While I acknowledge what you're saying, I've never actually understood the viewpoint.

Do people still care about or even pay attention to achievements? I don't. I never even so much as look at an achievement/trophy list anymore. I don't strive for any of them, hell, I rarely even read the description of what it's for when they pop. You can accomplish exactly what you're talking about just by disabling notifications (I've never looked, but I assume you can do that on PS4).

Edit: That said, I'm mixed on achievements and trophies. I don't personally care, but I know some do. I do think they can be detrimental to multiplayer games, though, when achievements aren't designed properly and people end up playing to get the achievement versus actually just playing the game.

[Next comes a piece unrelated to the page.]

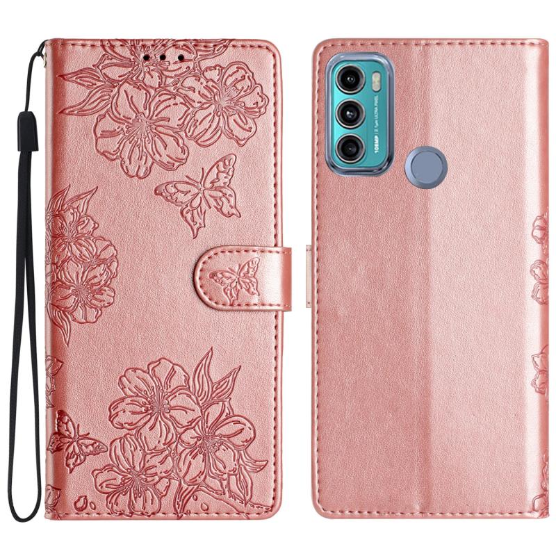 For Motorola Moto G60 4G Cherry Blossom Butterfly Skin Feel Embossed PU Phone Case(Rose Gold)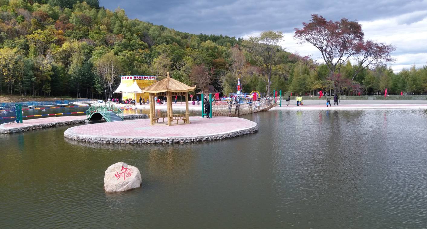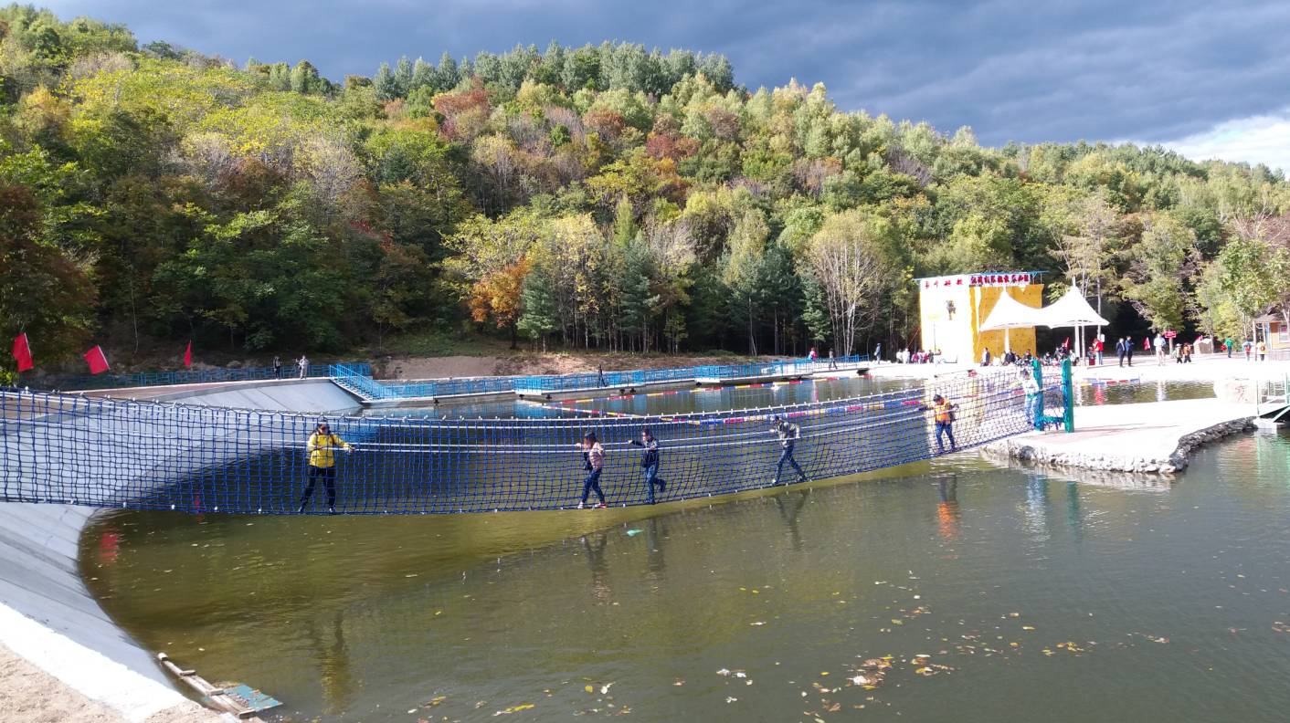 吃过午饭,坐着电瓶车一路飞驰进山,首先来到了野外拓展区,野外拓展区里有真人CS、疯狂斗牛、升降飞机、攀岩、遥控船等户外趣味运动。在河内梅花桩区域,踩着直径一米的圆木桩,把着摇摇晃晃的铁索,一步步艰难向前,到水中心位置时,木桩已经沉到水底,不得不沾水迈过,一个不小心就能“湿身”。终于安全到达终点,不知什么时候,手心脑门全是汗。

I played through about half of Quantum Break before putting it down... one of the things that really turned me off of the game is the fact that your character's power progression is tied to finding collectables scattered around the environment. And to find those collectables, you need to engage the "detective mode" vision ability (which stops working the moment you move). So rather than running through the environments and exploring them naturally, I would walk 10 feet and activate my vision mode, walk another 10 feet, activate it again, etc. It's the most immersion-breaking combination of mechanics. I wanted to just ignore the collectables, but that would mean I giving up the chance to level up my powers. I'm amazed the game shipped this way :-/

On the flip side, I do think some games incorporate collectables well. As much as the Assassin's Creed series has devolved into a bit of a mess, Black Flag nailed a lot of things for me. The thing about collectables in that game is they perfectly fit into the narrative concept of living as a pirate. Sailing around the ocean, exploring tropical islands and searching for buried treasure makes perfect sense in a game like that. I never felt like the collectables were pulling me away from the game. They felt like a perfectly natural part of the whole experience.